© Brigitte Bauer
Atelier De Visu 19 rue des trois rois 13006 Marseille France
“Un matin, l’envie me prenant de faire une promenade, je mis le chapeau sur la tête et, en courant, quittai le cabinet de travail ou de fantasmagorie pour dévaler l’escalier et me précipiter dans la rue.” Robert Walser, La Promenade
Qu’est-ce qu’un jardin ? Y aller, oui, mais pour quoi faire ? parce que l’on est de passage, en attente, parce que c’est la pause de midi, ou parce que l’on n’a pas de jardin chez soi, ou pas de chez soi tout court. je perçois les jardins publics comme un immense territoire de relations sociales, d’autant qu’entre les parcs et jardins officiels, s’interposent toujours ces espaces précaires
et privilégiés que sont un bout de pelouse, l’ombre d’un arbre - des espaces qui sont investis en tant que jardin.
Activités solitaires, entre amis ou en famille ; rencontres furtives ou rendez-vous fixes, les relations sociales du jardin public oscillent également entre l’attitude privée et la conscience d’être dans un espace public, être en contrôle, donc, autant qu’en représentation. Attentive à la théâtralité naturelle - si j’ose dire - et consciente de l’artificialité des espaces eux-mêmes, j’ai voulu être, dans un premier temps du moins, l’observatrice ; celle qui garde une certaine distance. l’espace du jardin s’est ouvert devant moi comme un théâtre où se jouent des scènes sans cesse renouvelées. d’une photographie à l’autre, nous n’avons pas tant affaire à une série qu’à un montage qui crée du mouvement entre les images. un élément autre s’ajoute ensuite : en passant d’une photographie à l’autre l’on peut s’apercevoir de la présence d’un personnage récurrent. tantôt mêlé à un groupe, tantôt observateur aperçu au loin, il passe au premier plan, se devine ou disparaît puis réapparaît encore. Avec ou sans lui, nous sommes invités à observer ces jardins, à scruter les attitudes des uns et des autres, avec une candeur empreinte parfois d’une légère ironie. Élément de fiction dans des images d’apparence plutôt documentaire, il fait le lien entre les espaces qu’il investit et traverse - du parc citadin aux espaces paysagés en bord de mer, en passant par des lieux, tour à tour, splendides, tristes, laids, vides ou débordants de vie.
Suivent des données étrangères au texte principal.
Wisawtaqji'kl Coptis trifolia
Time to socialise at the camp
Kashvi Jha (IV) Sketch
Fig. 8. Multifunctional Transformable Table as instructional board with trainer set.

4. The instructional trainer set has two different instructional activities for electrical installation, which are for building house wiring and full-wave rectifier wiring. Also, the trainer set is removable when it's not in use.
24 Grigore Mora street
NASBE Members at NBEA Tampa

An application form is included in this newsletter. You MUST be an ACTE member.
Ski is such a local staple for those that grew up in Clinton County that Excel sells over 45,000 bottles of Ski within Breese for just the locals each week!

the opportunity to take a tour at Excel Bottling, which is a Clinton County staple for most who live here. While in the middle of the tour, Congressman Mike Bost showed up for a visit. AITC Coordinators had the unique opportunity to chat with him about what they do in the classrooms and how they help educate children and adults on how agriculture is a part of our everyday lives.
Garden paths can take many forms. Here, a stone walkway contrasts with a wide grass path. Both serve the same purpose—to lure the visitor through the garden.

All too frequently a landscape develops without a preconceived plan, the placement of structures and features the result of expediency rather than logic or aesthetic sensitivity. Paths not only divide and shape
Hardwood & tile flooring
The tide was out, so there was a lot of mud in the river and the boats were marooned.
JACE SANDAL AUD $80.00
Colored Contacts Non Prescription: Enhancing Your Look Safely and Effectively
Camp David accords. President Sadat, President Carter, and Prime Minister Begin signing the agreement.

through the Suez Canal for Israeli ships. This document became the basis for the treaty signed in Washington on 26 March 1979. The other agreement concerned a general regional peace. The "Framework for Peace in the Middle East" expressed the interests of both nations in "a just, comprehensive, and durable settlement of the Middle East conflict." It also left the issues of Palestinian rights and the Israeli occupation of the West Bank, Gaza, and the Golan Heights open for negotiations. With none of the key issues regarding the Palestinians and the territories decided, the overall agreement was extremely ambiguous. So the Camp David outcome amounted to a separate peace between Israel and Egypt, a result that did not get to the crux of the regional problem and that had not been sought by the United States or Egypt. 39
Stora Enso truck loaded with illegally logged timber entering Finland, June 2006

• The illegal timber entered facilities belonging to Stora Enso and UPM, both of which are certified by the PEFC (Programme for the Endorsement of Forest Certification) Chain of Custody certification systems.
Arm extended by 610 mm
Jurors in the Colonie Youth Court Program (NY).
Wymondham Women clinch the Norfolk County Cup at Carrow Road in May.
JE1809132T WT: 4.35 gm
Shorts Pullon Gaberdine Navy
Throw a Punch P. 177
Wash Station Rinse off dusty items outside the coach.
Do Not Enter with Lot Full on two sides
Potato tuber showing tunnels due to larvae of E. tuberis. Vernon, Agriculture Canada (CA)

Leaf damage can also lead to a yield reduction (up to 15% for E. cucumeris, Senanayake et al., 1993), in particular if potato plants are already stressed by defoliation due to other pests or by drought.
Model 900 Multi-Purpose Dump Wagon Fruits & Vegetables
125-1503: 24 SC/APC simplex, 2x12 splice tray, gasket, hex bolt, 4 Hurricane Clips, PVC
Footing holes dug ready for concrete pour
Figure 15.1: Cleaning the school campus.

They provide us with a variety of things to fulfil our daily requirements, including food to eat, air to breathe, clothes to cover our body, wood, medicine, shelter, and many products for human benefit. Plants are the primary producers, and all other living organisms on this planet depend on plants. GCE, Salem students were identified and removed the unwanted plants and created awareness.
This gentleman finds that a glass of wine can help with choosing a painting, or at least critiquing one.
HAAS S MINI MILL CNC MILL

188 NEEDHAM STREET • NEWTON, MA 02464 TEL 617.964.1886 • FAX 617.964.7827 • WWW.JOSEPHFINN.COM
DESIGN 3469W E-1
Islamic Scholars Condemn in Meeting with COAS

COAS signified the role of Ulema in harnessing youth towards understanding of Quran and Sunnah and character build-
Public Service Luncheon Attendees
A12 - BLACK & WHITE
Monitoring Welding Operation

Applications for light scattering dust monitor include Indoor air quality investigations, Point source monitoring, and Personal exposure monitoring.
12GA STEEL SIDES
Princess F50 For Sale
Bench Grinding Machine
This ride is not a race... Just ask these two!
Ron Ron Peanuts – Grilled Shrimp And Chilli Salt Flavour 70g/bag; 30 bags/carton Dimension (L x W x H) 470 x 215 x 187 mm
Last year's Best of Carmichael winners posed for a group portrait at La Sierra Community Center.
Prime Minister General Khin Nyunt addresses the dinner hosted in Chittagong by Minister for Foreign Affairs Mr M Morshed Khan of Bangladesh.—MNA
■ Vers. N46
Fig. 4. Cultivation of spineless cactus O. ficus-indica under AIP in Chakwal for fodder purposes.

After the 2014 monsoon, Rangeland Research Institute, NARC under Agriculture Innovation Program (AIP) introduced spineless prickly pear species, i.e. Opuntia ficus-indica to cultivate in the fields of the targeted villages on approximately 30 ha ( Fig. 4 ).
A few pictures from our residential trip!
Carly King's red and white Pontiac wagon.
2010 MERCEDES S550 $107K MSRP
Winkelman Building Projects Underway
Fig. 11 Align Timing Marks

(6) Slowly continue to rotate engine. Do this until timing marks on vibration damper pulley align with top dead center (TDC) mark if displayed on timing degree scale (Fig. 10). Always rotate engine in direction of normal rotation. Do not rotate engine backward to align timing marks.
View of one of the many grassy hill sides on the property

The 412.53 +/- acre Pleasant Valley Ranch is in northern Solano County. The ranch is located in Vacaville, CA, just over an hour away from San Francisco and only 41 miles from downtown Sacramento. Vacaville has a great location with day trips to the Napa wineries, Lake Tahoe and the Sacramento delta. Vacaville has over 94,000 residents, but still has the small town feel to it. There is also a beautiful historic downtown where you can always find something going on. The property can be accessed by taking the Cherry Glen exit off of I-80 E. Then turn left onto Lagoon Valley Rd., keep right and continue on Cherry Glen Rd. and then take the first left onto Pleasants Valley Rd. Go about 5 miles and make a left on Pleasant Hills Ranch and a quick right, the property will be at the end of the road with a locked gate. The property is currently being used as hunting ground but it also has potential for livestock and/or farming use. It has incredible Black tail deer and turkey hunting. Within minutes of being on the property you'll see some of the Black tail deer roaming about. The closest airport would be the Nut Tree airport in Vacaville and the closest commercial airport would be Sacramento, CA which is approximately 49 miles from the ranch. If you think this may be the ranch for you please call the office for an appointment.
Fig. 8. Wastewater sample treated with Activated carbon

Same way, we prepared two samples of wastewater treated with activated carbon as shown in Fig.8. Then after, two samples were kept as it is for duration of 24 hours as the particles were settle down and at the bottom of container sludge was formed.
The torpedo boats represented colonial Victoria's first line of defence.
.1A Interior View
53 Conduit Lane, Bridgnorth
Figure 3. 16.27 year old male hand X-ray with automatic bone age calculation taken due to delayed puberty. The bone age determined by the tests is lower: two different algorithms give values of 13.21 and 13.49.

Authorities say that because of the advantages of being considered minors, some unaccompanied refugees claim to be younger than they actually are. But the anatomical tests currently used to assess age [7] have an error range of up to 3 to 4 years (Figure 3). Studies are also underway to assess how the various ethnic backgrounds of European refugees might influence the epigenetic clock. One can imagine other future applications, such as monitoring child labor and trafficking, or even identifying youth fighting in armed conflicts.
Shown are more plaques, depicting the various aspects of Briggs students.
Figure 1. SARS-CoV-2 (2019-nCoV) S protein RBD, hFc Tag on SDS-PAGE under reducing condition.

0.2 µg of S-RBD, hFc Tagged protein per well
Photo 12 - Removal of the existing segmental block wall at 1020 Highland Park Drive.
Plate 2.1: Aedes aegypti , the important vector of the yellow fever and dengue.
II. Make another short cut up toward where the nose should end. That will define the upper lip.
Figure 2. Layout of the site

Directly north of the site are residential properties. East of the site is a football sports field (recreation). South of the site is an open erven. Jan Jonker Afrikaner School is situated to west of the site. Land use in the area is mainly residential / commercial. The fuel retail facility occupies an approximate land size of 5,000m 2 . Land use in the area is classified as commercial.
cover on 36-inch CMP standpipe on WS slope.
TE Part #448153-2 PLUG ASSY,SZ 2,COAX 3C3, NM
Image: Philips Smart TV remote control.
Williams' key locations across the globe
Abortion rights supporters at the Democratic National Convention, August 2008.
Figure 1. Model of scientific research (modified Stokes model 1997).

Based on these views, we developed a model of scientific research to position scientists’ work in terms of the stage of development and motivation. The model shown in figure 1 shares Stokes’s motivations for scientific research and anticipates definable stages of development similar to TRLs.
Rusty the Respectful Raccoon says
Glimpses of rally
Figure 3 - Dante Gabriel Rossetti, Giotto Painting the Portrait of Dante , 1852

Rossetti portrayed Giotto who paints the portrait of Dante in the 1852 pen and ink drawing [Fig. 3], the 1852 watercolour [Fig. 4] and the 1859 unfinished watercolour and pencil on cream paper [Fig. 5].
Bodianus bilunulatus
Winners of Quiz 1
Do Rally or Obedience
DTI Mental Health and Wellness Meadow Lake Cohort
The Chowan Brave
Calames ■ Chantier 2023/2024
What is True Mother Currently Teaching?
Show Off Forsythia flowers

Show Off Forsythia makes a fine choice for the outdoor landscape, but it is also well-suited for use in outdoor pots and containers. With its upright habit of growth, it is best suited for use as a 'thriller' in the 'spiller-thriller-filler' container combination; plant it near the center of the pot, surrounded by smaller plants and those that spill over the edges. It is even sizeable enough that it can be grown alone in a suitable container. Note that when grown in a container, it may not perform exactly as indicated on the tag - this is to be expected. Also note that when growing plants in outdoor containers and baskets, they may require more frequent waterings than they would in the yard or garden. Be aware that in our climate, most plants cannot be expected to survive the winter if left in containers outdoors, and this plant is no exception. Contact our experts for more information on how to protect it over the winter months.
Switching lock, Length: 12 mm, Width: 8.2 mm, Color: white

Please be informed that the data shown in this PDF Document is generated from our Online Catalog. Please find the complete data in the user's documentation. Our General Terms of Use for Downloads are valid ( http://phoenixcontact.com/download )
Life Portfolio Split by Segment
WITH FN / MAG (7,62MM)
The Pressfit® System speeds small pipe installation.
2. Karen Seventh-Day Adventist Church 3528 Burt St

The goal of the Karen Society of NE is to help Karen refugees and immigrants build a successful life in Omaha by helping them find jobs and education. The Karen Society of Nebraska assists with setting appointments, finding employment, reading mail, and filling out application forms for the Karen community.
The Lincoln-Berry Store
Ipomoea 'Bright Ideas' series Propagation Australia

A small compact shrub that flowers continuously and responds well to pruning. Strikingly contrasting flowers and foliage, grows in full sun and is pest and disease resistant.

«Aller aux jardins a été réalisé dans des jardins, parcs et autres espaces publics à travers le département treize, dans le cadre d’un partenariat de production et de diffusion avec le service patrimoine du Conseil général des Bouches-du-rhône. si la localisation géographique des espaces investis découle directement des paramètres de départ inhérents à ce partenariat, il ne s’agit pas d’un travail «local» au sens usuel du terme.
Brigitte Bauer
© Brigitte Bauer
« Aller aux jardins »
il est possible de reconnaître dans les photographies de Brigitte Bauer le partage entre une préoccupation forte pour l’architecture et un intérêt pour le paysage, ou plus exactement pour les lieux et ce qu’ils portent de traces et d’histoire. il y a d’un côté quelque chose qui tient du dessin, à la construction, à la composition de l’espace et qui appelle une certaine abstraction, si ce n’est une intemporalité, et de l’autre quelque chose qui tient à ce qui fait la particularité d’un endroit, la singularité d’un instant, la marque sensible d’un moment vécu au présent. les photographies viennent alors travailler la paradoxale complémentarité de cette relation, sans en résoudre la part de conflit, sans en effacer l’élément de contradiction. Ce qui tient et s’impose comme une totalité harmonieuse est aussitôt inquiété par la présence d’une force de dissociation, une discrète tendance dispersive et dissonante. C’est bien sûr la part du hasard ou de l’accident mais aussi celle de l’intervention rusée du photographe, sa façon d’introduire dans le champ une infime perturbation, un élément de jeu à la limite de la mise en scène. par là, cet écart intérieur à l’image est la source d’une stratégie d’écriture, le départ d’une potentialité imaginaire. le jardin de Bauer est un jardin méandre qui nous fait passer d’un lieu à l’autre dans une continuité en quelque sorte virtuelle, toujours en acte dans le mouvement du déplacement mais mue par sa
propre logique et sa propre énergie, une logique et une énergie visuelles, ou plus exactement photographiques. on est guidé dans une déambulation qui nous fait traverser des lieux toujours précisément situés dans leur relation aux bâtiments, à la mer, au paysage, mais jamais fermés sur la limite d’une localisation géographique. de ce point de vue, nous sommes à mille lieues d’un catalogue raisonné. Ce qui se joue relève de l’articulation des images, du montage, au sens quasi cinématographique du terme.